## Prompt
Skip pictures in the listing below; copy exactly the lines from the one with "Tassello universale sigillante" through the one with "Pulseira de mão", inclusive.

## Data section
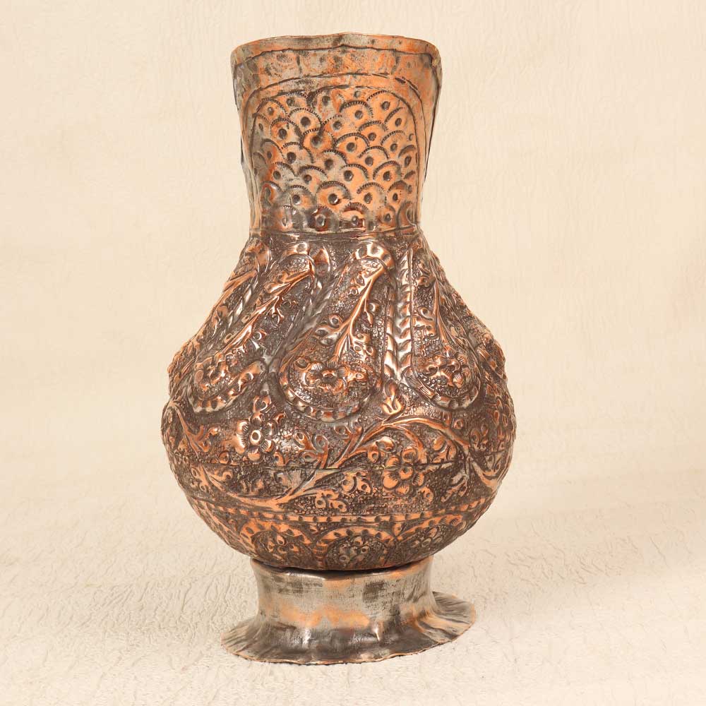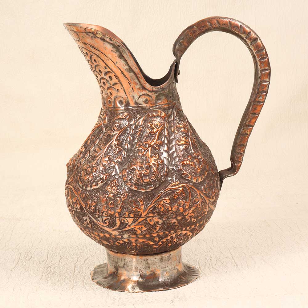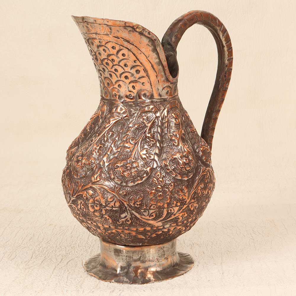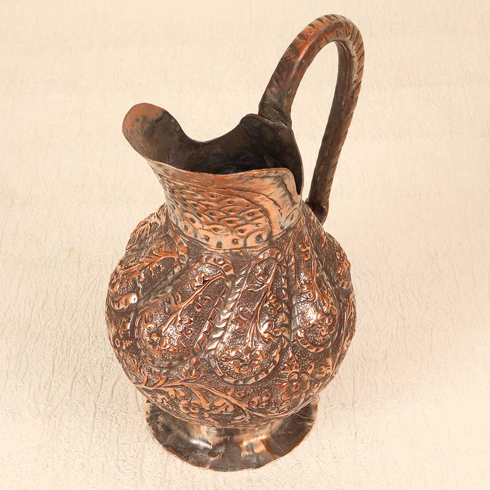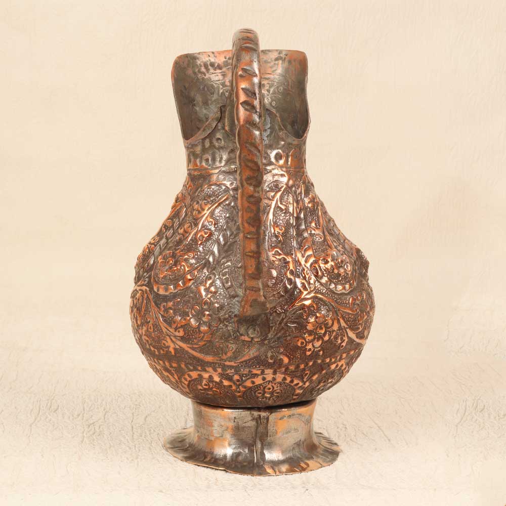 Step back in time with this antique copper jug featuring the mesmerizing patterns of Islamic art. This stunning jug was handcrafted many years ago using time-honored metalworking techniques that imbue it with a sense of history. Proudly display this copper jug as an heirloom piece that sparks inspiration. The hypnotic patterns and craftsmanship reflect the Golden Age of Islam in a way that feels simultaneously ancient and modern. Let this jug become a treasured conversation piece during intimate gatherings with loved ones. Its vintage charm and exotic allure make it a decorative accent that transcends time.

* * *

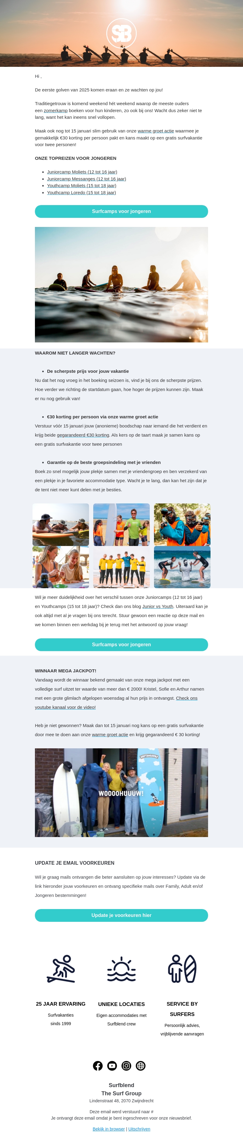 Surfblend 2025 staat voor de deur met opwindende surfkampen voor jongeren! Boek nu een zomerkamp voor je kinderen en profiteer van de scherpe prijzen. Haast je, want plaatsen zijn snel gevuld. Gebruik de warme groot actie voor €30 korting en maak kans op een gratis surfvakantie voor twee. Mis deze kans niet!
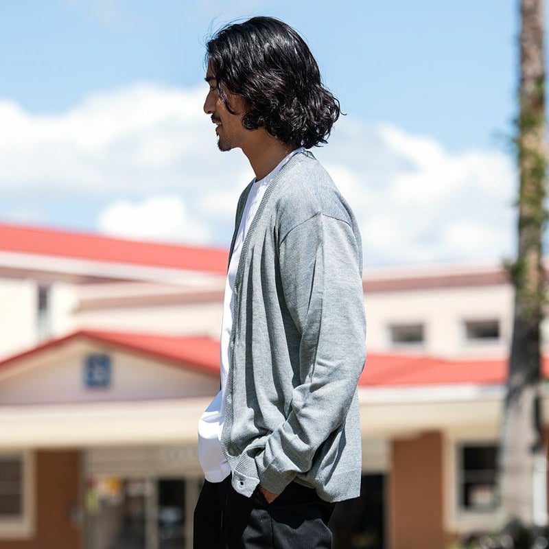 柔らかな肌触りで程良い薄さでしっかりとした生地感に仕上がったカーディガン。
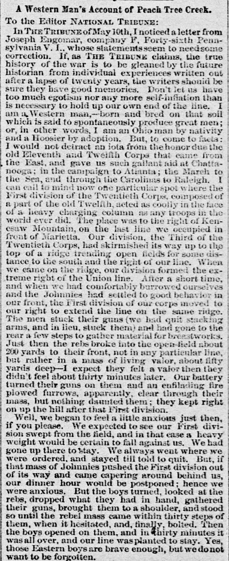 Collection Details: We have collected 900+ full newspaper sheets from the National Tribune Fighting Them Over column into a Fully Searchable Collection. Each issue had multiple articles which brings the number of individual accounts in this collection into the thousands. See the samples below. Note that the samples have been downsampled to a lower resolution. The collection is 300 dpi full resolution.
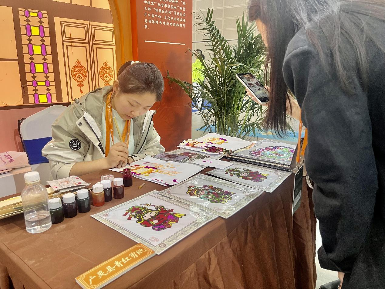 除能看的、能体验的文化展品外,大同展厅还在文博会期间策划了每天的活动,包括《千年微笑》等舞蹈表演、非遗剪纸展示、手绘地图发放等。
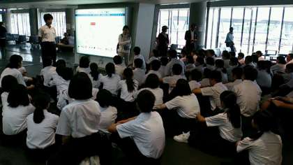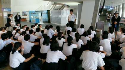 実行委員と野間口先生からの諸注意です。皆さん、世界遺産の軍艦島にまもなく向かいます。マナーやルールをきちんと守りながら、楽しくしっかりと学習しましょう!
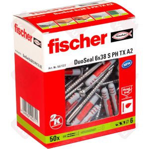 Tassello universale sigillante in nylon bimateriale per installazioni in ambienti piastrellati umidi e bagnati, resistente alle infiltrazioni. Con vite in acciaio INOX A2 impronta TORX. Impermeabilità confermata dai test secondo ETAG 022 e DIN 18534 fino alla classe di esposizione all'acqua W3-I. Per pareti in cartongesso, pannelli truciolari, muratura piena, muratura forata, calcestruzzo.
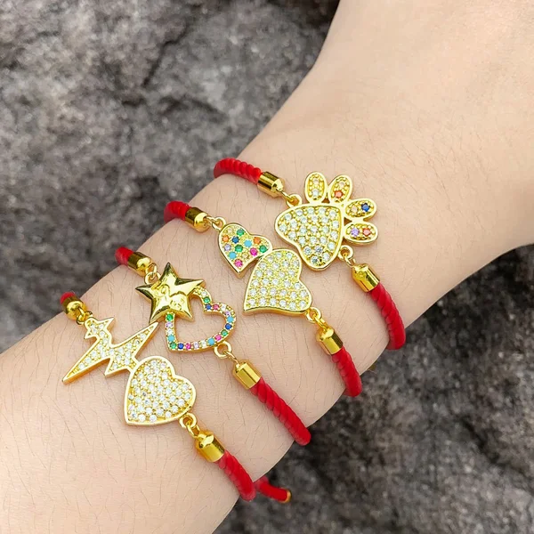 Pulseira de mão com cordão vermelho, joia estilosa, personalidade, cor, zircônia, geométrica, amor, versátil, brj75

## Your solution
 Tassello universale sigillante in nylon bimateriale per installazioni in ambienti piastrellati umidi e bagnati, resistente alle infiltrazioni. Con vite in acciaio INOX A2 impronta TORX. Impermeabilità confermata dai test secondo ETAG 022 e DIN 18534 fino alla classe di esposizione all'acqua W3-I. Per pareti in cartongesso, pannelli truciolari, muratura piena, muratura forata, calcestruzzo.
 Pulseira de mão com cordão vermelho, joia estilosa, personalidade, cor, zircônia, geométrica, amor, versátil, brj75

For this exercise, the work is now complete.